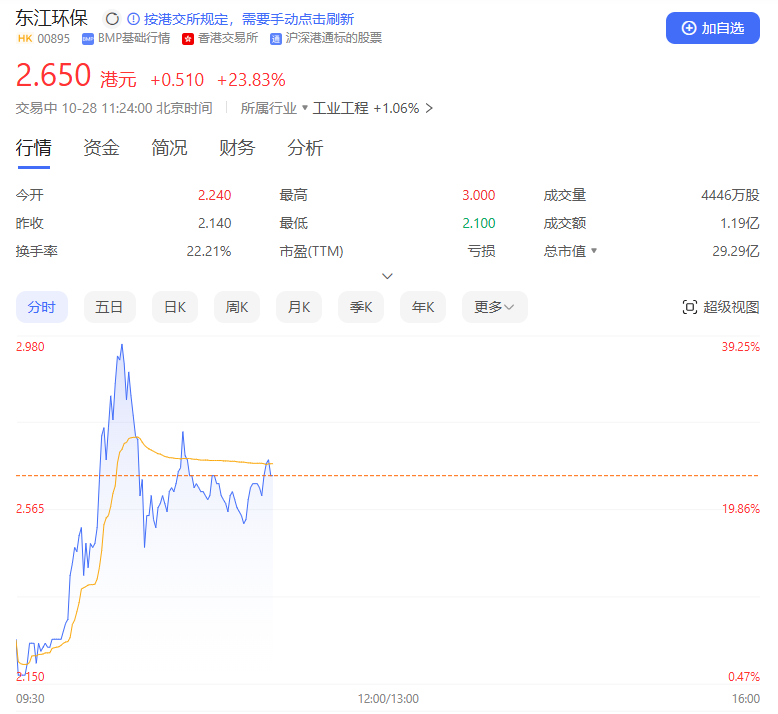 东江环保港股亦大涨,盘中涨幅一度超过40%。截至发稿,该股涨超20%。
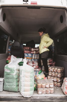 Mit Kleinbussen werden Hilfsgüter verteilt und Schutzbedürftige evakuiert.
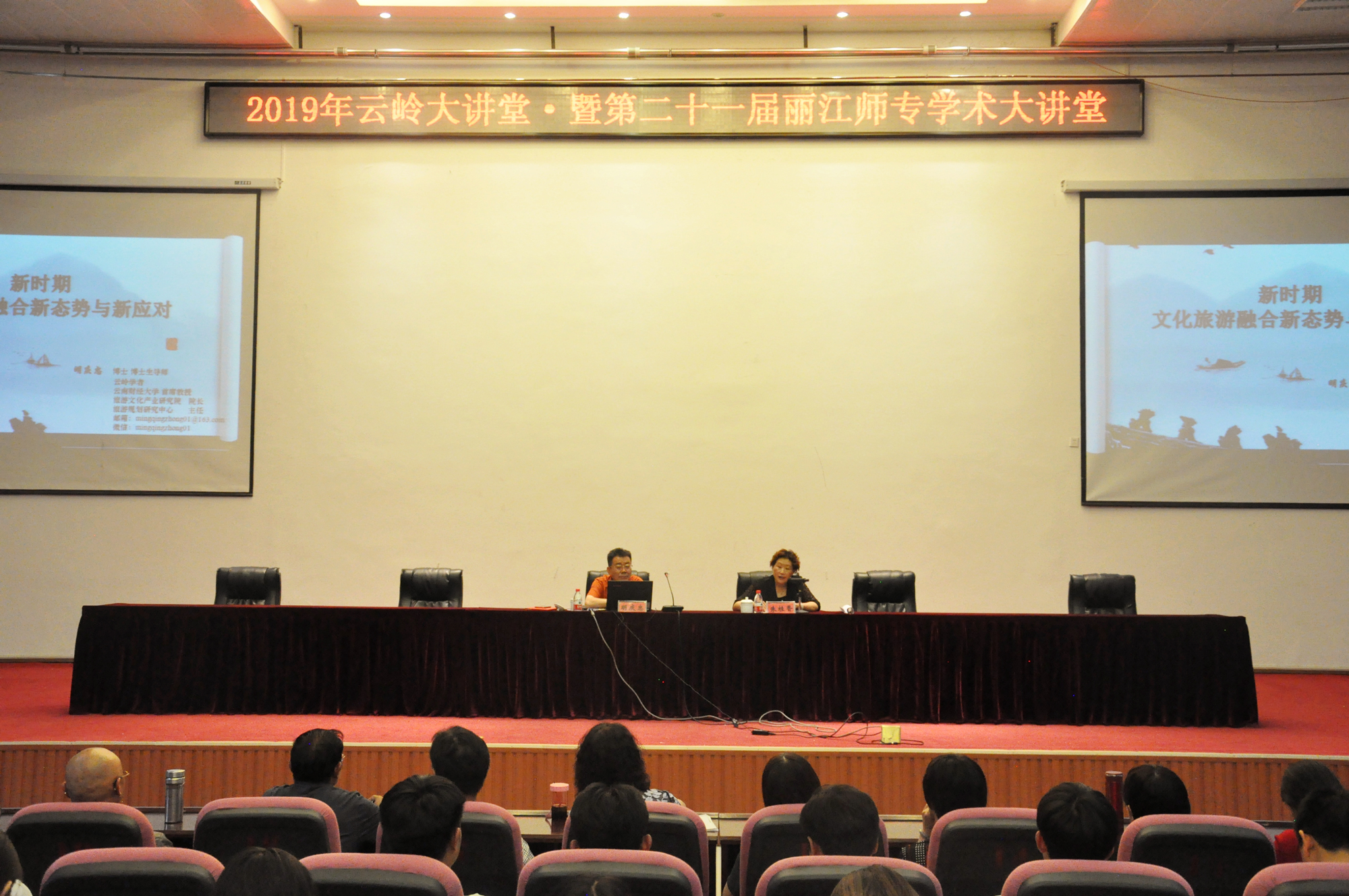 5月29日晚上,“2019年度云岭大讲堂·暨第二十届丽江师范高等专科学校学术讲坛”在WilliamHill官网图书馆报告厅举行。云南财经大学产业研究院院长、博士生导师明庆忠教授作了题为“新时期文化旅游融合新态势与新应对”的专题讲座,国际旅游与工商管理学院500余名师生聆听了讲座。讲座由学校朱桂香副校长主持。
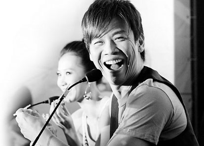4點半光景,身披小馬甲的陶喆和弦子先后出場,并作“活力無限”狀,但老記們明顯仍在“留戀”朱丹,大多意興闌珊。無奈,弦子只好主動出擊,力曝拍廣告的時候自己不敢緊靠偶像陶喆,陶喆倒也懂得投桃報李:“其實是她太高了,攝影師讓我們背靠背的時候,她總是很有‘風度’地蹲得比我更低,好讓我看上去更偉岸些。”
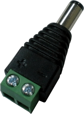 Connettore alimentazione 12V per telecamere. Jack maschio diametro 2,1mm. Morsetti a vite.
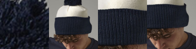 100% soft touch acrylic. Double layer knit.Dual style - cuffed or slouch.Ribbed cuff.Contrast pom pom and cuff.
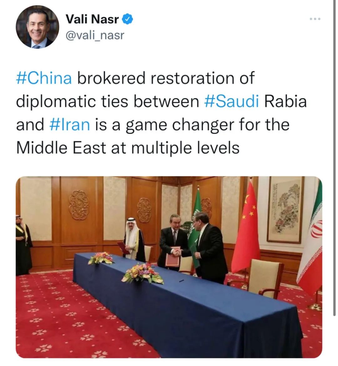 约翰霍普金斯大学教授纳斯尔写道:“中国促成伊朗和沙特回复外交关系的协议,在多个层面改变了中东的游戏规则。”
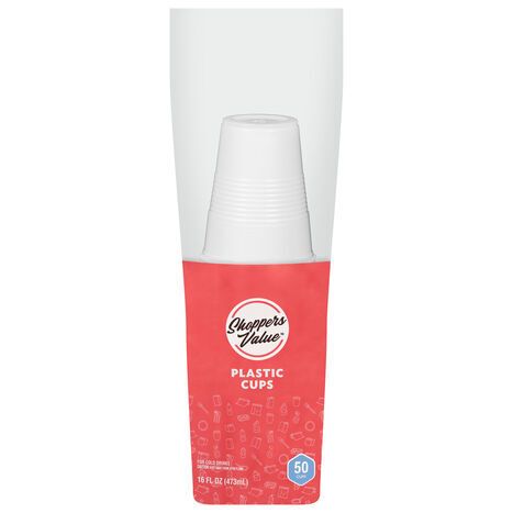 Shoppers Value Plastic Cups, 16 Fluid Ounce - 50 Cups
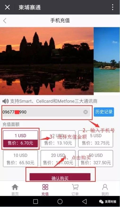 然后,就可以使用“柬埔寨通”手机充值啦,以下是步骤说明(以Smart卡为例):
:::::
__Description of the task__. Beginning with the line containing "Mit Kleinbussen werden" and ending with the last line of the data, output those lines exactly and nothing more. Omit every picture.

__Response__.
 Mit Kleinbussen werden Hilfsgüter verteilt und Schutzbedürftige evakuiert.
 5月29日晚上,“2019年度云岭大讲堂·暨第二十届丽江师范高等专科学校学术讲坛”在WilliamHill官网图书馆报告厅举行。云南财经大学产业研究院院长、博士生导师明庆忠教授作了题为“新时期文化旅游融合新态势与新应对”的专题讲座,国际旅游与工商管理学院500余名师生聆听了讲座。讲座由学校朱桂香副校长主持。
4點半光景,身披小馬甲的陶喆和弦子先后出場,并作“活力無限”狀,但老記們明顯仍在“留戀”朱丹,大多意興闌珊。無奈,弦子只好主動出擊,力曝拍廣告的時候自己不敢緊靠偶像陶喆,陶喆倒也懂得投桃報李:“其實是她太高了,攝影師讓我們背靠背的時候,她總是很有‘風度’地蹲得比我更低,好讓我看上去更偉岸些。”
 Connettore alimentazione 12V per telecamere. Jack maschio diametro 2,1mm. Morsetti a vite.
 100% soft touch acrylic. Double layer knit.Dual style - cuffed or slouch.Ribbed cuff.Contrast pom pom and cuff.
 约翰霍普金斯大学教授纳斯尔写道:“中国促成伊朗和沙特回复外交关系的协议,在多个层面改变了中东的游戏规则。”
 Shoppers Value Plastic Cups, 16 Fluid Ounce - 50 Cups
 然后,就可以使用“柬埔寨通”手机充值啦,以下是步骤说明(以Smart卡为例):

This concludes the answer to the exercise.